• Breaking News

    Apakah Boleh KPA Merangkap PPK ?

    Galih Gumelar - Berikut adalah kutipan dari beberapa argumen dan penjelasan mengenai apa yang menjadi latar kebijakan PA/KPA bertindak sebagai PPK? Bagaimana jabatan yang tertulis pada kontrak apabila PA/KPA bertindak sebagai PPK? Apakah ditulis PPK? PA? KPA? atau PA/KPA bertindak sebagai PPK? dan berbgai pertanyaan lainnya.

    Berdasarkan UU 17/2003 dan 1/2004, yang berhak melakukan perikatan sehingga terjadi pengeluaran anggaran atau yang berhak menggunakan anggaran adalah PA (Pengguna Anggaran). Kewenangan penggunaan anggaran ini dapat dikuasakan sesuai dengan batas-batas kewenangan PA. Penguasaan inilah yang disebut dengan Kuasa Pengguna Anggaran.

    Pada tahun 2006, bersamaan dengan munculnya Perubahan Ke 4 Keppres 80/2003, muncul istilah Pejabat Pembuat Komitmen. Jabatan ini tidak ada dalam SOTK dan muncul karena adanya kekhawatiran bahwa kewenangan PA yang terdiri atas perikatan dan keuangan adalah kewenangan yang terlalu besar. Sehingga diperlukan delegasi kewenangan khususnya untuk PERIKATAN. Oleh sebab itu, PPK dan PA sebenarnya satu fungsi, dimana kewenangan melakukan perikatan diserahkan kepada PPK dan kewenangan pembayaran diserahkan kepada PA/KPA. Perikatan ini tentu dilakukan untuk dan atas nama K/L/D/I atau Satker, oleh sebab itu, PPK bertindak untuk dan atas nama K/L/D/I yang memiliki anggaran (Lihat Konsideran Surat Perjanjian). Istilah PPK ini dikeluarkan tahun 2006 hanya dalam bentuk Perpres dan tidak ditindaklanjuti oleh Permendagri, sehingga muncul penolakan bahwa di APBD tidak ada PPK, yang ada adalah PPTK.

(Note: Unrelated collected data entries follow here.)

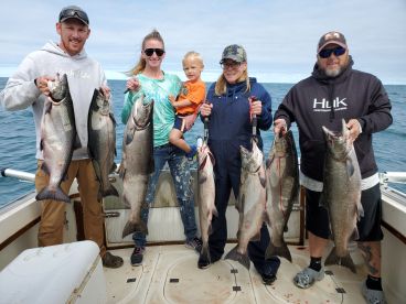 Chinook Salmon, and Coho Salmon, are the normal catches with different times of year being better for 1 type of fish or another.
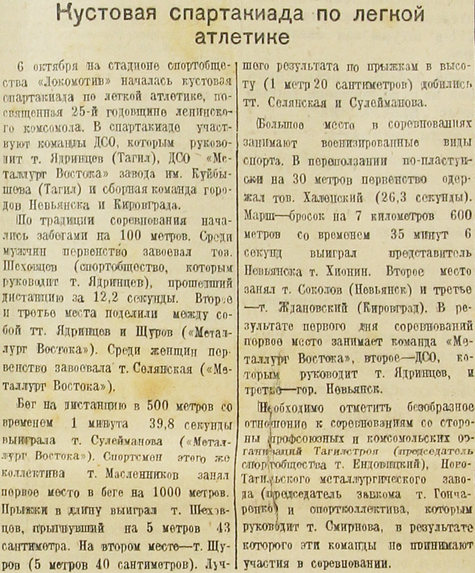 С октября на стадионе спортобщества «Локомотив» началась кустовая спартакиада по легкой атлетике, посвященная 25-й годовщине ленинского комсомола. В спартакиаде участвуют команды ДСО, которым руководит т. Ядринцев (Тагил), ДСО «Металлург Востока» завода им. Куйбышева (Тагил) и сборная команда городов Невьянска и Кировграда.
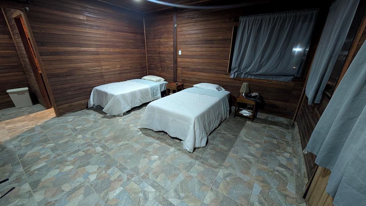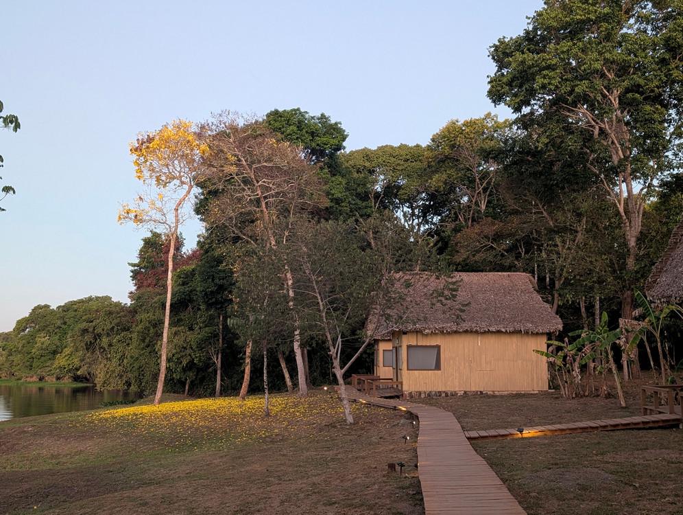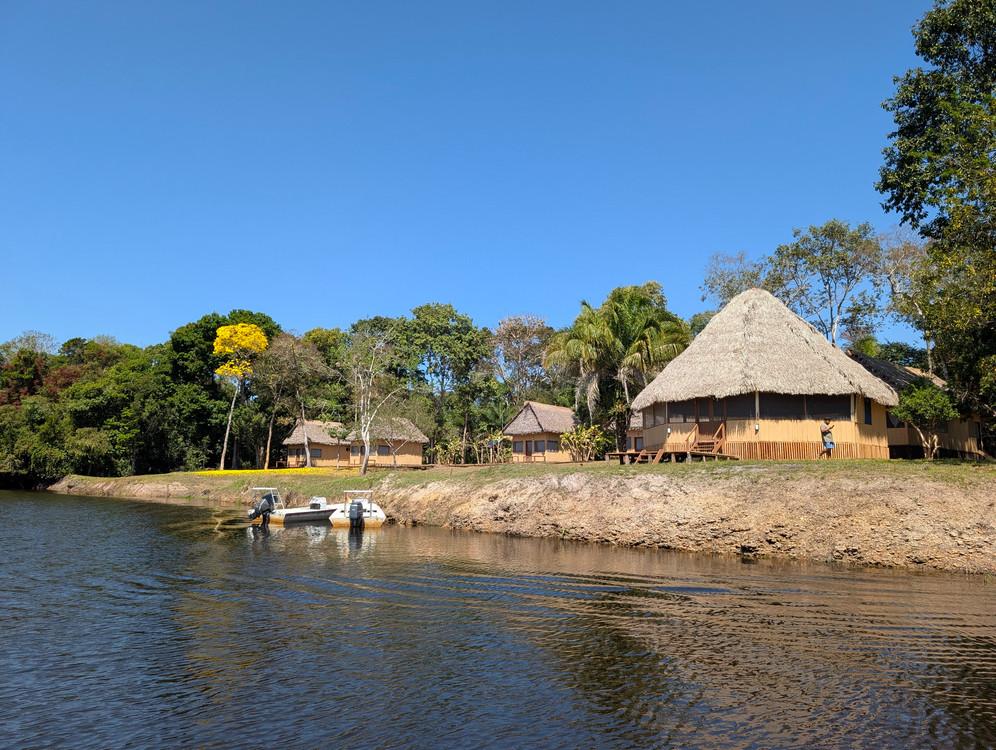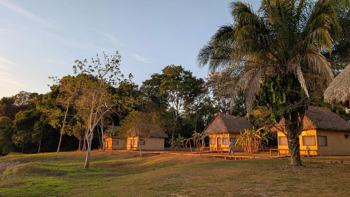 Ervaar de authentieke charme van de Boliviaanse jungle in onze rustieke maar comfortabele lodge. Vier privéchalets met airconditioning, twee eenpersoonsbedden en een eigen badkamer bieden een gezellig toevluchtsoord na een dag op het water. Kom samen met medereizigers in de gemeenschappelijke ruimte om verhalen te delen, van een drankje te genieten en de sfeer op te snuiven. Onze chef-kok bereidt elke dag verse, heerlijke maaltijden – zodat u weer vol energie aan uw volgende avontuur kunt beginnen en herinneringen kunt creëren die u uw hele leven bijblijven.
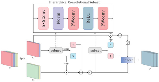 In a hierarchical convolutional subnetwork, the 5 × 5 convolutional kernel is employed for spatial feature extraction due to its ability to capture a wider range of local information. Owing to its extended receptive field, this kernel can detect texture details and local patterns at elevated levels. Instead of batch normalization, which relies on batch statistics, we use layer normalization (LayerNorm) to normalize channel activations for each sample independently. LayerNorm stabilizes neuron input distributions, mitigates gradient vanishing and explosion, and accelerates convergence. Moreover, by normalizing the scale variations introduced by 5 × 5-kernel outputs, LayerNorm reduces sensitivity to distributional shifts and further enhances training stability and efficiency. Drawing inspiration from [40,41,42], we adopt an inverted bottleneck structure. In this design, the initial 1 × 1 convolution facilitates cross-channel information exchange and expands the channel dimension, allowing the flow-based model to acquire higher-dimensional features. Subsequently, a 1 × 1 convolution restores the channel count to match the input, thereby preserving the reversibility of the flow model.
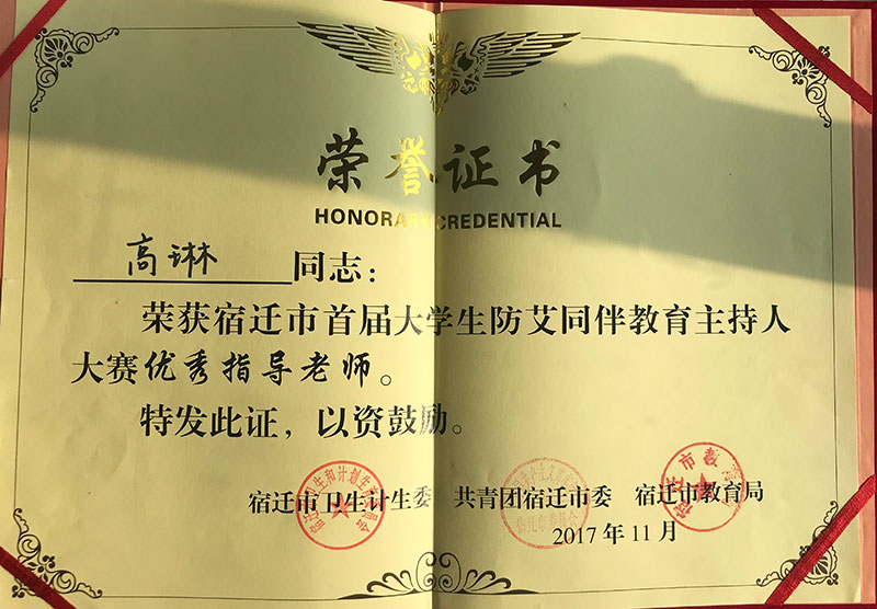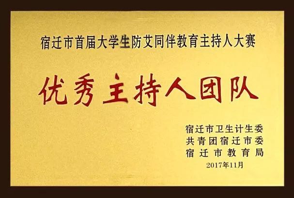 近日,由宿迁市卫生计生委、团市委、市教育局联合组织开展的宿迁市首届大学生防艾同伴教育主持人大赛在宿迁学院图书馆举行,我院防艾教育宣传团队积极组织参加大赛,通过大赛的精彩表现获得“优秀主持人团队”,校团委高琳荣获“优秀指导教师”。

    Tahun 2010, bersamaan dengan munculnya Perpres 54/2010, PPK diwajibkan bersertifikat. Masalah PPK/PPTK ini semakin meruncing.

    Tahun 2011, Mendagri mengeluarkan perubahan kedua dalam bentuk Permendagri 21/2011 yang menyebutkan istilah PPK pada pasal 10A dan Pasal 11A, dan digunakan kalimat “PA/KPA Bertindak Sebagai PPK”.

    Tahun 2012, Perubahan kedua Perpres 54/2010 (Perpres 70/2012) menyatakan bahwa dalam hal tidak ada yang memenuhi persyaratan untuk ditetapkan sebagai PPK, maka PA/KPA bertindak sebagai PPK. Ini berarti, apabila tidak ada yang memenuhi persyaratan pada K/L/D/I untuk ditetapkan sebagai PPK, bukan mengangkat Pegawai Satker lain sebagai PPK, melainkan dikembalikan ke fungsi UU 17/2003 dan 1/2004 dimana PA/KPA bertindak sebagai PPK.

    Kalimat di Permendagri dan Perpres SAMA, yaitu menggunakan kalimat “bertindak sebagai” bukan “merangkap“. Sehubungan dengan hal tersebut, maka apabila PA/KPA bertindak sebagai PPK, maka dalam kontrak tetap disebutkan jabatan asalnya, yaitu PA atau KPA, bukan jabatan PA/KPA Bertindak sebagai PPK karena tidak ada konsideran jabatan tersebut.

    Surat Deputi IV LKPP mengenai Pengguna Anggaran (PA)/Kuasa Pengguna Anggaran (KPA) yang dapat merangkap sebagai Pejabat Pembuat Komitmen (PPK), tanggapan dari rekan sesama Ahli Pengadaan Nasional , bahwa dasar hukum yang digunakan saat ini adalah Peraturan Menteri Dalam Negeri Nomor 21 tahun 2011 tentang Perubahan Kedua Atas Peraturan Menteri Dalam Negeri Nomor 13 Tahun 2006 Tentang Pedoman Pengelolaan Keuangan Daerah. Setelah mengunduh dan menganalisa, penulis berpendapat bahwa telah terjadi antinomi antara Permendagri No. 21 tahun 2011 dengan Perpres No. 54 tahun 2010 tentang Pengadaan Barang/Jasa Pemerintah terkait dengan Pengadaan Barang/Jasa yang dilakukan oleh PA/KPA dengan merangkap sebagai PPK.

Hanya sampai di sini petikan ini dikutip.